"Well may you ask! That thankless terror of a child runned off to Ruddyford again last night; and there she heard it. The man be called Daniel Brendon—some labourer lately took on by Woodrow. But 'tis for you to stop it if you're my son. I lay I'd put a spoke in their wheel double quick! All the same, the woman's not worth it—a gert, good-for-nought, gallivanting giglet as she is!"
"A pretty poor compliment to me, if it's true," he said.
"Very likely it isn't true at all. Still, it's your job. Only think twice. There's the schoolmaster's darter be worth twenty of Sarah Jane."
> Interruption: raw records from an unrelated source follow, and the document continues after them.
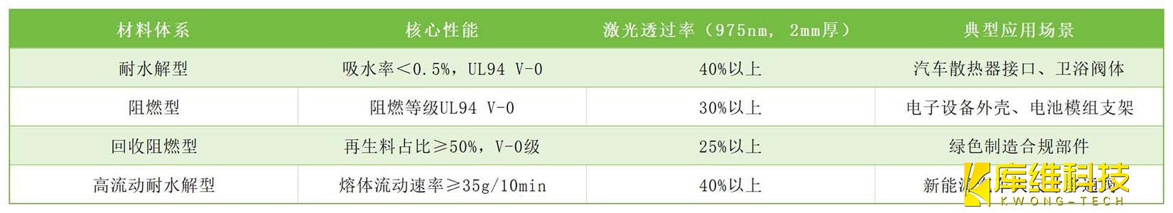 激光透射焊接的核心瓶頸在于??透光層材料的光學性能與功能性平衡??。傳統(tǒng)PA66-GF30材料雖具備優(yōu)異力學性能,但其激光透過率受玻纖分散性、吸濕性影響,難以滿足復雜工況需求。通過配方創(chuàng)新與工藝優(yōu)化,構建了多維度材料解決方案: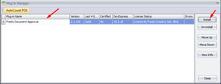 button - Please log out and then log back into AutoCount Accounting. Ensure that the plugin takes effect by restarting the software. Don’t forget to close the Plugin Manager window before restarting AutoCount.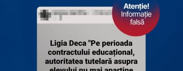 Fake-news distribuit pe reţelele sociale: O declaraţie atribuită ministului Ligia Deca susţine că ”pe durata contractului educaţional, autoritatea tutelară nu mai aparţine părinţilor”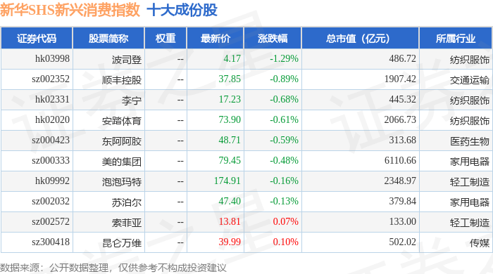 新华SHS新兴消费(989006)指数十大成份股详情如下: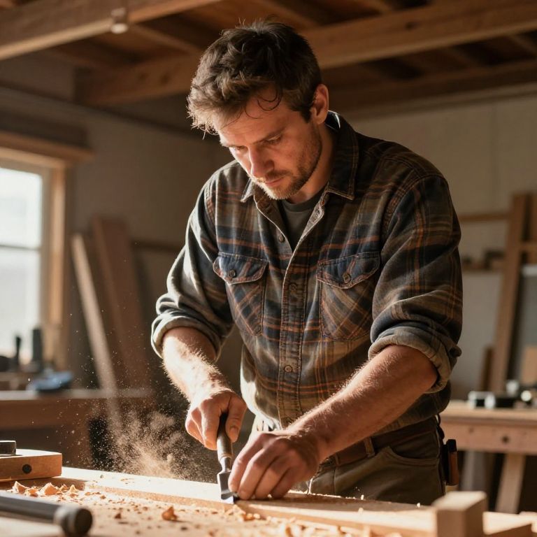 Stocky Carpenter at Work in Sunlit Workshop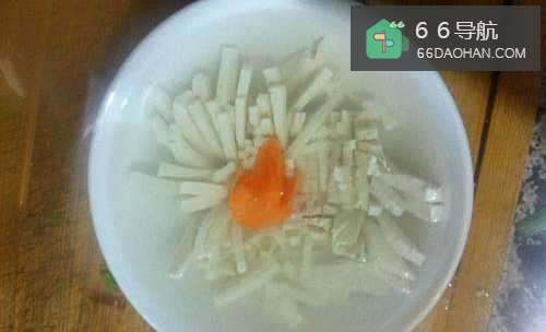6将果汁倒入碗中,将豆腐放入,加一点盐,就好!

"Couldn't stand her voice, mother—nor yet her temper."
"More fool you. Give me a voice and a temper, too, if you want to get on in the world. 'Tis the gentle sort, as twitters like birds and be frightened to hurt a fly, as always go down. Let people hear your voice and feel your temper; then they'll respect you and you'll keep up your end of the stick. Them as be so sweet as sugar, mostly melt like sugar in the hard business of life."
"One thing I know, afore God, and that is, if she takes any man but me, I'll be revenged on her and him, if it costs my last farthing."
"What's the sense of that talk? If you'm set on her still, have her willy-nilly. Do anything inside honesty. Ride off with her! Break the man's stupid head for him! All the same, that's not sense, but only passion. My advice may be nought; but it is just this: that you bide along with your mother for the present, and wait for a better maiden to turn up."
"That woman could have done pretty well anything she liked with me."
"I hope not. What foolishness! You think so now. You wouldn't have thought so a week beyond your honey-month. Well, 'tis for you to go forward. The very sort of job I should have liked, if I'd been a man."
"I'll have it out with the chap."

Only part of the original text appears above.